Exercise objective.
With the pictures omitted, repeat exactly the lines below starting with the line that has "苏泊尔(SUPOR)意式浓缩家用半自动咖啡机 礼物送长辈 办公室小型露营便携摩卡手冲壶" and going on through the line that has "Die zentralen Themen, die".

Dataset records.
---
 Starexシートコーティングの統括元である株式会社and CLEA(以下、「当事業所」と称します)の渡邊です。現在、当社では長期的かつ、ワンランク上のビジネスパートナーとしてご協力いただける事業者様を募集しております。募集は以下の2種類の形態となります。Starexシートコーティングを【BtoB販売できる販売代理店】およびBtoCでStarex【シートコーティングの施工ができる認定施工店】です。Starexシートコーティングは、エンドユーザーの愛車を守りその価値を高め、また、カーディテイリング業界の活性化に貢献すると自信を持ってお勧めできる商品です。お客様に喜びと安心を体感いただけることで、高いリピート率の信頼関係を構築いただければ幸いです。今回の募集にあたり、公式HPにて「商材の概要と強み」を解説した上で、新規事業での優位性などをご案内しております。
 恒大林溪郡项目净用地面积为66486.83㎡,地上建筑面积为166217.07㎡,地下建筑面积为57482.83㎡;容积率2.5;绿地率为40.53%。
---
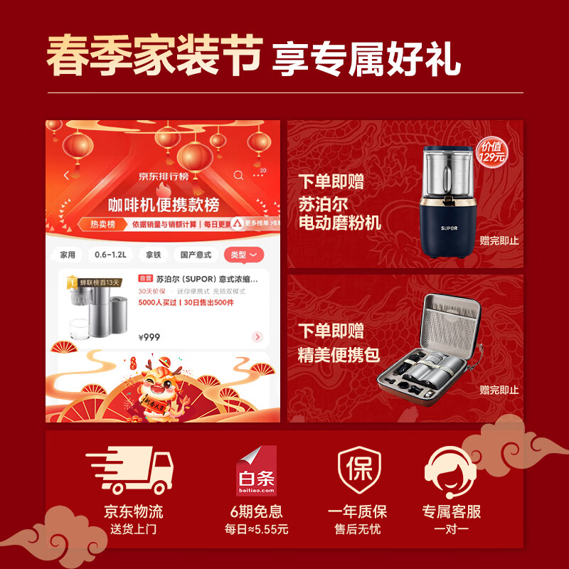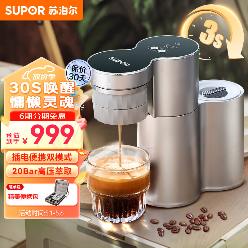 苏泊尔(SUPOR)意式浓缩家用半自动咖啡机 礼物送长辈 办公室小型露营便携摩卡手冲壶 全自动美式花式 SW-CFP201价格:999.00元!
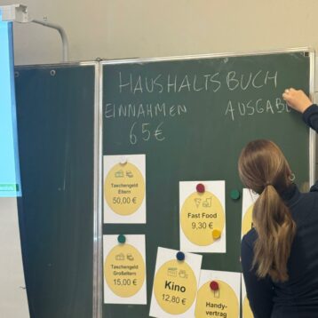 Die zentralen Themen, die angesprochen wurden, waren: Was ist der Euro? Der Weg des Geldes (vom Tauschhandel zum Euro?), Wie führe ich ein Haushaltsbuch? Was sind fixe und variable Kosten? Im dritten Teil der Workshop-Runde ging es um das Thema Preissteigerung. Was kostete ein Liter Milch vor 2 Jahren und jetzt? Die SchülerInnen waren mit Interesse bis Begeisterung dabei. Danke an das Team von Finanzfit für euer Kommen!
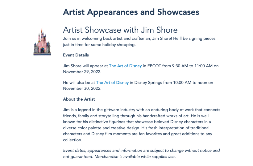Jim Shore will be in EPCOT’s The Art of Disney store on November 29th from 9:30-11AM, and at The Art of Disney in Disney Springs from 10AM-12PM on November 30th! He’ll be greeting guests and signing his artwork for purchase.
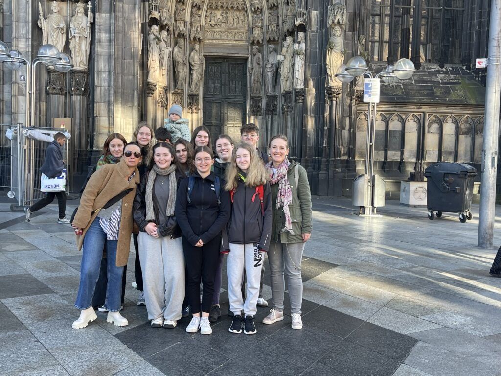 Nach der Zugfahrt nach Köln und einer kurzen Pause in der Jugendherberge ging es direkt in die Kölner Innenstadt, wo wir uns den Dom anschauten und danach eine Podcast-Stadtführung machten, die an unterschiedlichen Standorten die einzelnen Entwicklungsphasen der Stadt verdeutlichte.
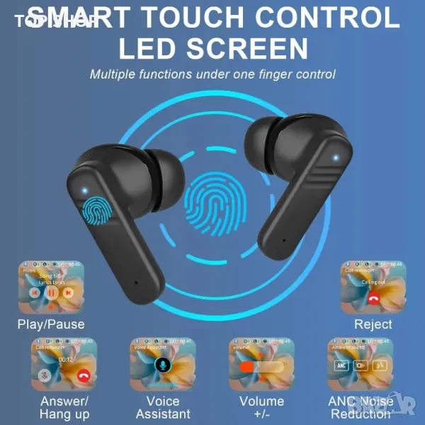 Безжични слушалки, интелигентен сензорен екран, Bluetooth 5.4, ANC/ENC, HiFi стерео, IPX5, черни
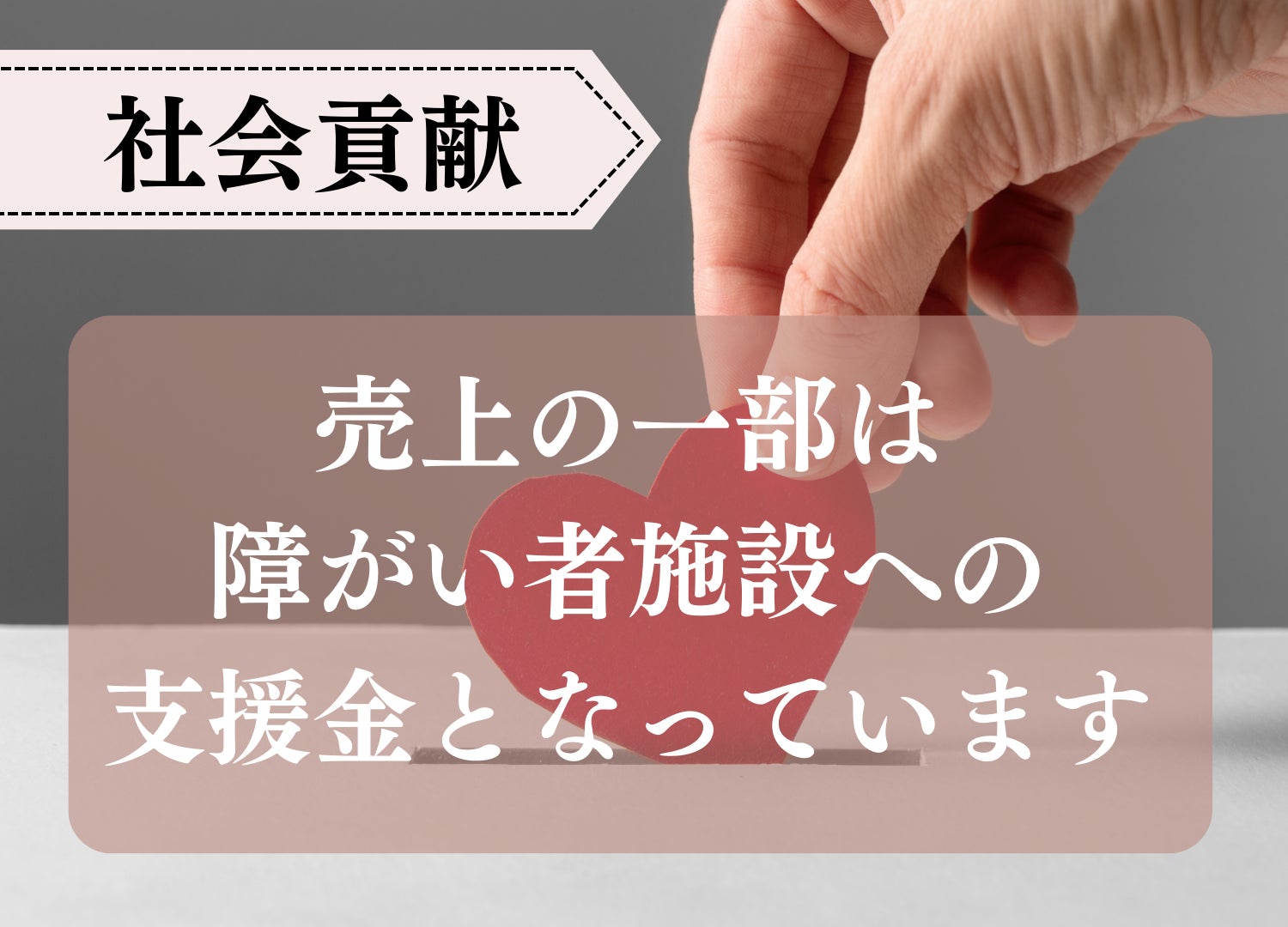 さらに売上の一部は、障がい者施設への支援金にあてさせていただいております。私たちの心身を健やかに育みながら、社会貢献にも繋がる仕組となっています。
---
Task output.
 苏泊尔(SUPOR)意式浓缩家用半自动咖啡机 礼物送长辈 办公室小型露营便携摩卡手冲壶 全自动美式花式 SW-CFP201价格:999.00元!
 Die zentralen Themen, die angesprochen wurden, waren: Was ist der Euro? Der Weg des Geldes (vom Tauschhandel zum Euro?), Wie führe ich ein Haushaltsbuch? Was sind fixe und variable Kosten? Im dritten Teil der Workshop-Runde ging es um das Thema Preissteigerung. Was kostete ein Liter Milch vor 2 Jahren und jetzt? Die SchülerInnen waren mit Interesse bis Begeisterung dabei. Danke an das Team von Finanzfit für euer Kommen!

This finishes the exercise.